Incidentally, in the translations I've seen, Brazilian journalists focus on the emotional aspect of the air controllers' story ("We were stricken!") and don't ask the tough questions, including, why did you remain silent all this time and, Brasila had initial radio contact with the Legacy when it entered its sector at 37,000 feet under orders from San Jose, its departing sector, with orders to maintain 370 all the way to Manaus. Knowing that its equipment was not trustworthy, why didn't Brasilia routinely verify the altitude with the Legacy pilots before it sent them into the blind zone?

Meanwhile, the newspaper O Globo and its television network partner reported that an unnamed controller from the Brasilia center (there is no way to tell if it might be one of the two controllers quoted in Epoca) said that Brazil's air traffic system remains manifestly unsafe. "The bomb is on again," he said. "It is going to explode. It already happened and it is going to happen again."

So there are in fact blind zones? "The area is blind, deaf and dumb," the controller said.

That controller, too, seems to be peering at the looking glass there in the Amazonian wonderland and seeing nothing more than his own aggrieved reflection. "I don't want anyone to go through this experience," he said, presumably referring not to the experience of dying in a horrible crash, or even the experience of being held hostage and falsely accused, but rather the experience of being an air traffic controller in the system that actually caused the crash.

Asked how he's been doing, the controller replies, "Very bad. I only think about what hurts me. ... It's just this injustice in life. You ask yourself why it was me who was chosen to be there at that moment; why it wasn't someone else? ... The emotional side is injured."

Perhaps the emotional side would feel better if it had not abetted the coverup for so long. Excuse me while I call Amnesty International to report the injustices suffered by this man wailing in the control center and waiting for psychological comfort while 154 others lay dead in the jungle.
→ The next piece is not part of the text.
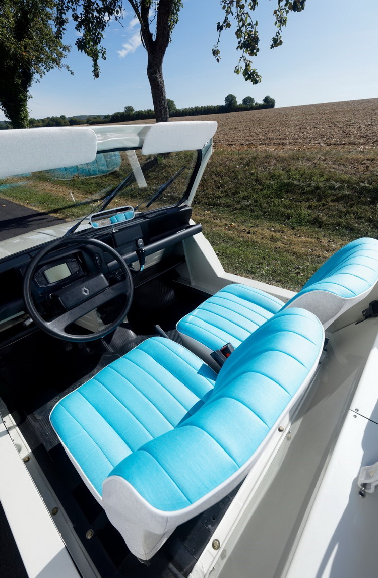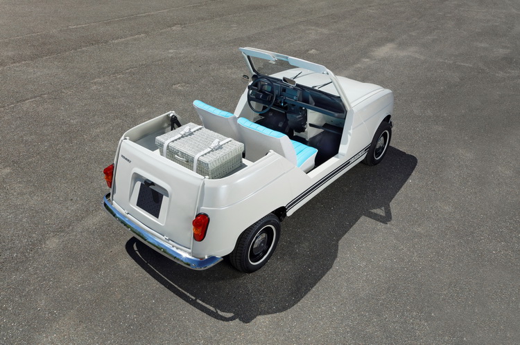 而於1960年代開發的4L Plein Air就是從雷諾四號所衍生出來的敞篷車款。不但敞篷,連車門都沒有,車頂的軟篷也是拆裝容易的設計,相當地豪爽。這次RENAULT所展出的e-PLEIN AIR電動概念車就是以現代的電動化技術讓4L Plein Air重現於車壇。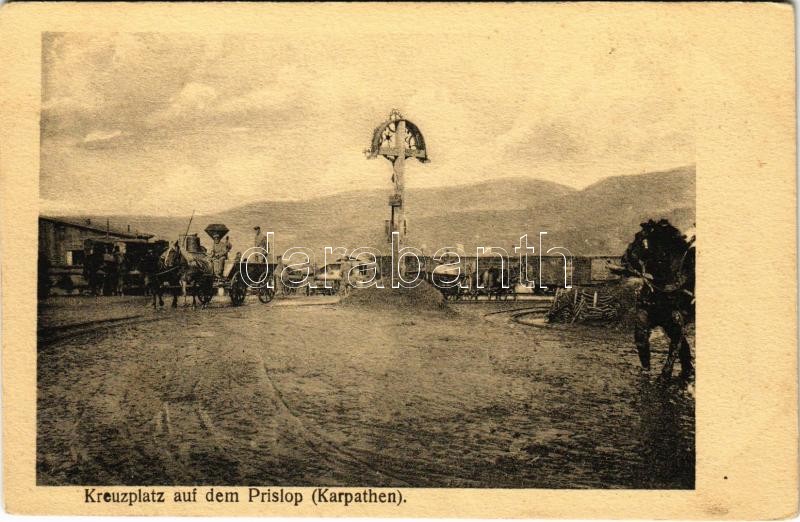 Kreuzplatz auf dem Prislop (Karpathen). Prislopbahn. Feldbuchhandlung der 1. Inf.-Dev. / Első világháborús osztrák-magyar vasútállomás a Borsa-Priszlop-Jakobeny keskeny nyomtávolságú gőzüzemű tábori vasútvonalon az erdélyi hegyekben / WWI K.u.K. military railway station of the Borsa-Prislop-Iacobeni narrow gauge steam powered field railroad in the Transylvanian mountains

Meanwhile, the coverup continues in Brazil, with air traffic controllers who ARE willing to speak having to do so like members of the witness protection program in the old mob days in the U.S.

The authorities scramble to cover their butts. The air traffic controllers continue work-to-rule protests to underscore both their concerns about unsafe working conditions and their fears that blame will be directed to them, and not to the broken system they try against the odds to keep working.

The two pilots, both from Long Island, remain under virtual house-arrest in a hotel in Rio. The U.S. State Department, as noted in yesterday's post, doesn't seem remotely interested in raising any commotion about the case.

And Joe Lepore, 42, and Jan Paladino, 34, have now been held hostage in Brazil for 65 days.